Oh, this is interesting. Similar to some other code I found on the web
which grabs a list of permitted token values using the dis module:
http://aspn.activestate.com/ASPN/Cookbook/Python/Recipe/286134

I was really hoping for a builtin on this

Thanks.

 

[bvdp]

Funny, I need exactly the same kind of parser myself right now.
Fredrik Lundh has posted some code-and-explanation on an excellent
simple parser that's easy to extend. http://effbot.org/zone/simple-iterator-parser.htm

Just make it recognize the operator tokens you're interested in and if
a string parsers w/o errors then you know it's safe to eval().
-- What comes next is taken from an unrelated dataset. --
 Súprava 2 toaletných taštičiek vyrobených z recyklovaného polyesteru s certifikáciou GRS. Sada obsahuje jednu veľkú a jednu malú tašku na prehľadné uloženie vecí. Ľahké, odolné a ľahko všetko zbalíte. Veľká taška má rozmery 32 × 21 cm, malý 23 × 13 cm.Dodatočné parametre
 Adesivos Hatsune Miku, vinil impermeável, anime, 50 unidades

I probably won't get to writing this myself for a few days or a week,
but if you do will you post it here (or send me a copy)? I'll do the
same if I get to it sooner.

Regards,
~Simon

I'll have to read Fredrik's code a few more times, but I think it makes
as much sense as anything else. Of course, I could take the lazy man's
way out and just to a left->right evaluation without any ()s, etc.,
which in my project would work. But, honestly, I thought it'd be easier.
I was going to use eval() until I realized that it was not a good idea.
Darn shame we have to work so hard to prevent some jerk's malicious code
from effecting our stuff. Oh well, that's life.

 

[Paul McGuire]

Is there a simple/safe expression evaluator I can use in a python
program. I just want to pass along a string in the form "1 + 44 / 3" or
perhaps "1 + (-4.3*5)" and get a numeric result.

I can do this with eval() but I really don't want to subject my users to
the problems with that method.

In this use I don't need python to worry about complex numbers,
variables or anything else. Just do the math on a set of values. Would
eval() with some restricted list of permitted operators do the trick?
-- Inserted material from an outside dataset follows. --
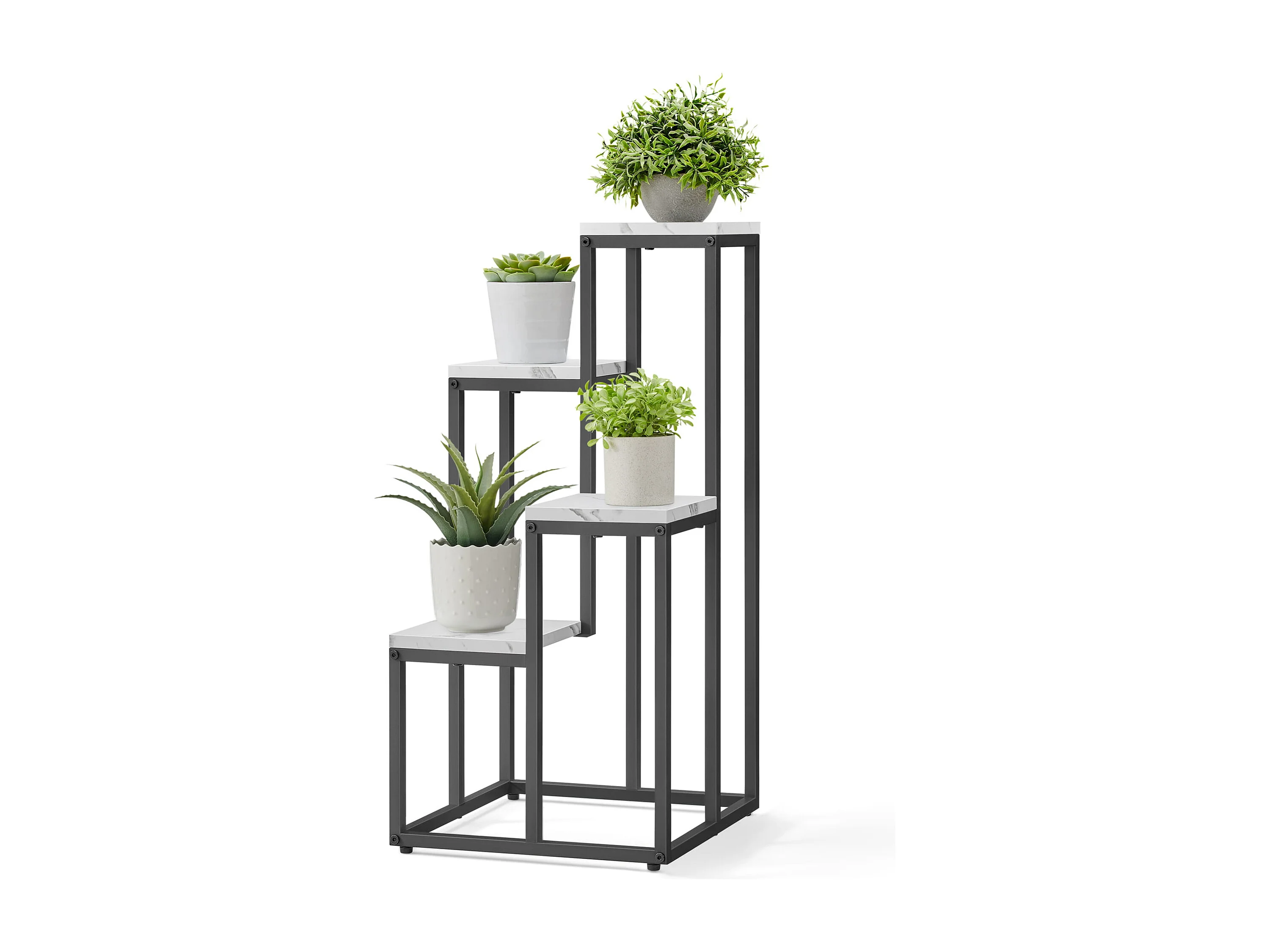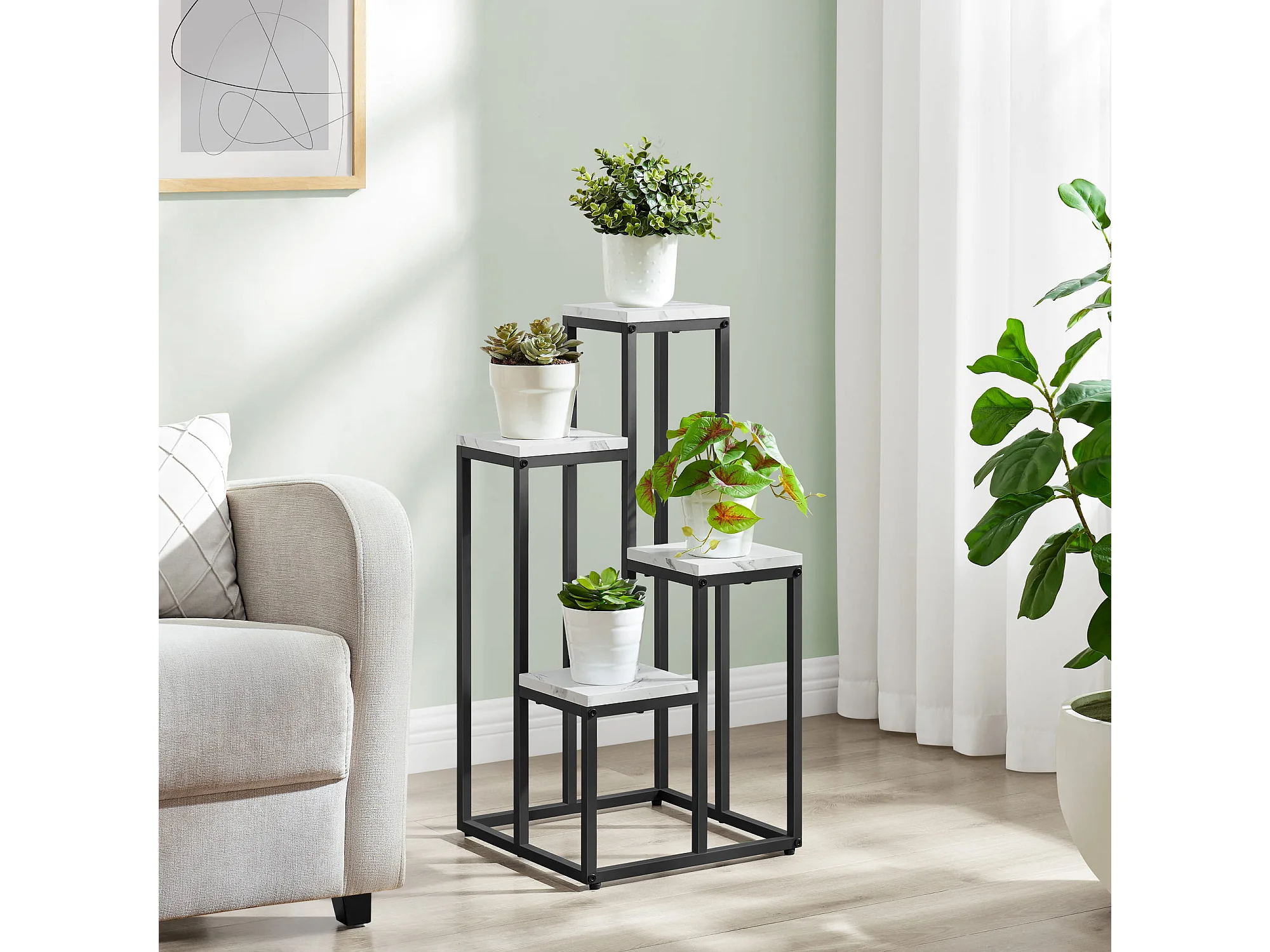 Valora Blumenständer 4 Ablagen weißer Marmor schwarze Beine Deko

I'm feeling too lazy to write/debug my own parser for this

Thanks, Bob.

This example ships with pyparsing, and can be extended to support
built-in functions: http://pyparsing.wikispaces.com/space/showimage/fourFn.py.

-- Paul

 

[Hans Nowak]

Is there a simple/safe expression evaluator I can use in a python
program. I just want to pass along a string in the form "1 + 44 / 3" or
perhaps "1 + (-4.3*5)" and get a numeric result.

I can do this with eval() but I really don't want to subject my users to
the problems with that method.

In this use I don't need python to worry about complex numbers,
variables or anything else. Just do the math on a set of values. Would
eval() with some restricted list of permitted operators do the trick?
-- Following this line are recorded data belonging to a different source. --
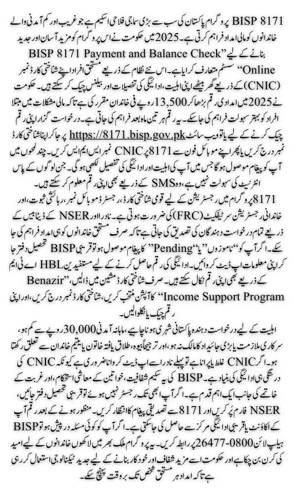 The BISP 8171 Payment and Balance Status of Pakistan’s most significant welfare initiatives, which provides financial assistance to low-income families across the country. The government has continuously updated and improved this program to ensure that deserving citizens can receive their financial aid easily. In 2025, a major advancement is the introduction of the BISP 8171 Payment and Balance Check Online system, which allows beneficiaries to check their eligibility, payment status, and balance using their CNIC number.
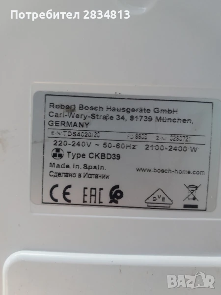 Парна станция Bosch TDS4020 → Обява 50812102
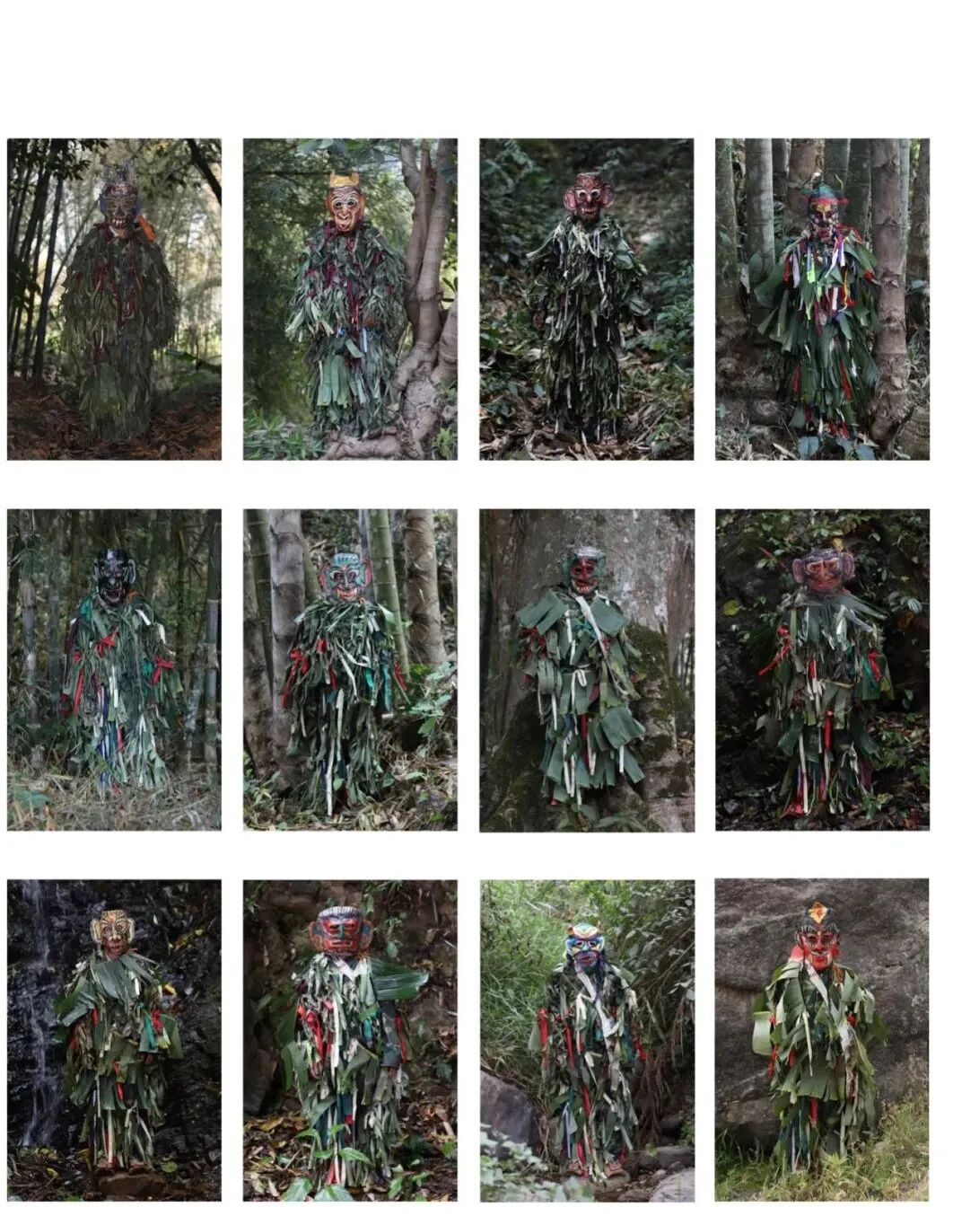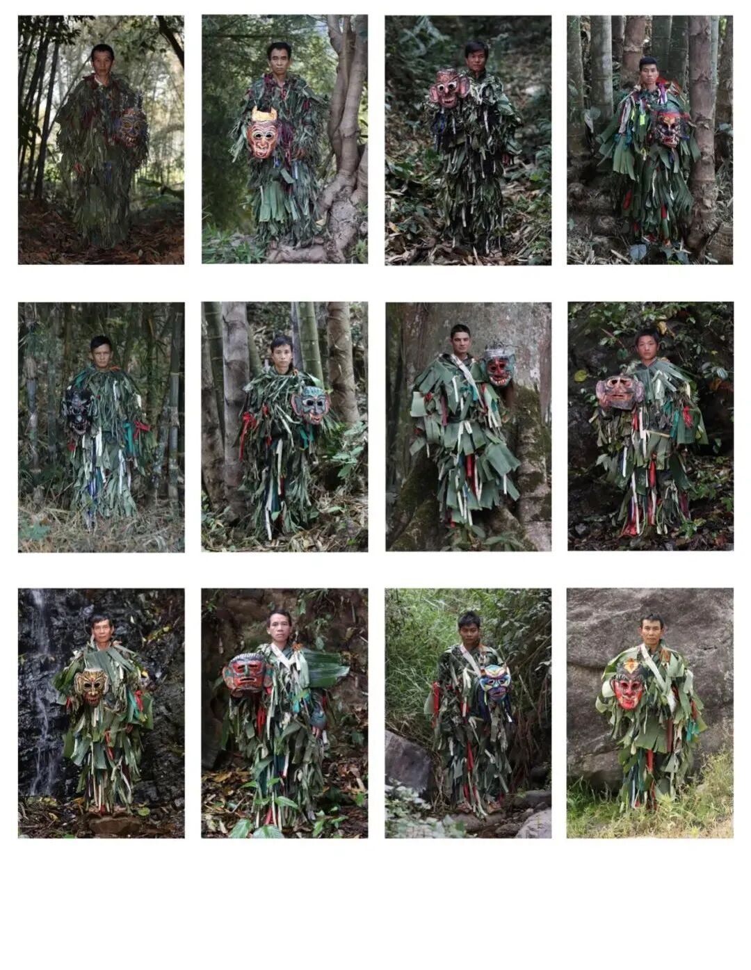 它們是土地、樹根、牛、猴、鹿、蛇、野人及護衛,他們也是農民、打工者、曾經的癮君子和賭徒。健身者、傳承人、演員、模範、信徒,多元一體的角色依附在他們身上,同時也是脫貧致富與傳承保護的矛盾體。不管他們是誰、什麽職業,當他們戴上面具,就是神靈的代言者,脫下面具便做回自己。我采用了一種對比的方法,戴面具一張加脫掉面具一張的拍攝方式,是為了更完整地還原真實,神與人的面容,面具的使用對角色產生了巨大的變化,背景選擇在長有地方特有竹子的聖山裏,突出地域特性。依山而居、傍水而生,養育著世世代代傣族人民,人們從自然中獲取,並敬畏自然。他們是雲南省與緬甸邊境上,一個叫賀哈的傣族寨子的村民,最後一群山神舞者。

This solution may be overly simply (especially compared to the AST-based
solution suggested earlier), but... if all you need is numbers and operators,
*maybe* you can get away with stripping all letters from the input string (and
possibly the underscore), and then evaluating it:


import re
import traceback

re_letters = re.compile("[a-zA-Z_]+")

def safe_eval(s):
s = re_letters.sub("", s)
return eval(s)

# try it out...

4
3685.5618352828474

Traceback (most recent call last):
File "<stdin>", line 1, in <module>
File "safe_eval.py", line 12, in safe_eval
return eval(s)
File "<string>", line 1
(2)...()
^
SyntaxError: invalid syntax

....It's primitive, but it might work for your purposes.